WHAT THE EXERCISE ASKS ▸ Produce word for word the lines of the data below running from the one that has "På Ndr. Skovvej" to the one that has "16. Install the", inclusive, and no others.

EXERCISE INPUTS ▸
- - - -

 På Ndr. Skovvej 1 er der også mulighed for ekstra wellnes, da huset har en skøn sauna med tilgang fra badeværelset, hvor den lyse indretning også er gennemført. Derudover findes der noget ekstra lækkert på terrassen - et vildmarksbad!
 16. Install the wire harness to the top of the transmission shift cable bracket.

- - - -

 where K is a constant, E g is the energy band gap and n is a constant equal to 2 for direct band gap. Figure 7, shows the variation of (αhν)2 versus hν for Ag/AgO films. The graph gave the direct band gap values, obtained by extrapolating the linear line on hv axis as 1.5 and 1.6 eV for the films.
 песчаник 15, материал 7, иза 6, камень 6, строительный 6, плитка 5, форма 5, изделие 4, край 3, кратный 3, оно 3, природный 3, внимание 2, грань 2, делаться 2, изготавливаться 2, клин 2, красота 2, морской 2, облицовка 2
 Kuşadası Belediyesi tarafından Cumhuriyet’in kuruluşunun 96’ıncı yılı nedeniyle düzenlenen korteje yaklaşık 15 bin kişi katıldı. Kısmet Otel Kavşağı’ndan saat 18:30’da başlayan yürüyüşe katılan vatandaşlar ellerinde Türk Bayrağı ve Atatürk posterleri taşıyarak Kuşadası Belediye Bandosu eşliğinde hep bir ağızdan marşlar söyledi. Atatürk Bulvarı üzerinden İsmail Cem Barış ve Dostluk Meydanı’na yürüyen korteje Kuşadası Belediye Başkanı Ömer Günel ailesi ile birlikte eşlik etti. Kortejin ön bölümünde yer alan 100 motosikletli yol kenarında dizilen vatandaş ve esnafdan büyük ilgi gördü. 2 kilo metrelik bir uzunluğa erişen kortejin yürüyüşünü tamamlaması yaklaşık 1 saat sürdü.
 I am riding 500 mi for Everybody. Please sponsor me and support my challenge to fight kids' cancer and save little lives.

- - - -

OUTPUT FOR THIS TASK ▸
 På Ndr. Skovvej 1 er der også mulighed for ekstra wellnes, da huset har en skøn sauna med tilgang fra badeværelset, hvor den lyse indretning også er gennemført. Derudover findes der noget ekstra lækkert på terrassen - et vildmarksbad!
 16. Install the wire harness to the top of the transmission shift cable bracket.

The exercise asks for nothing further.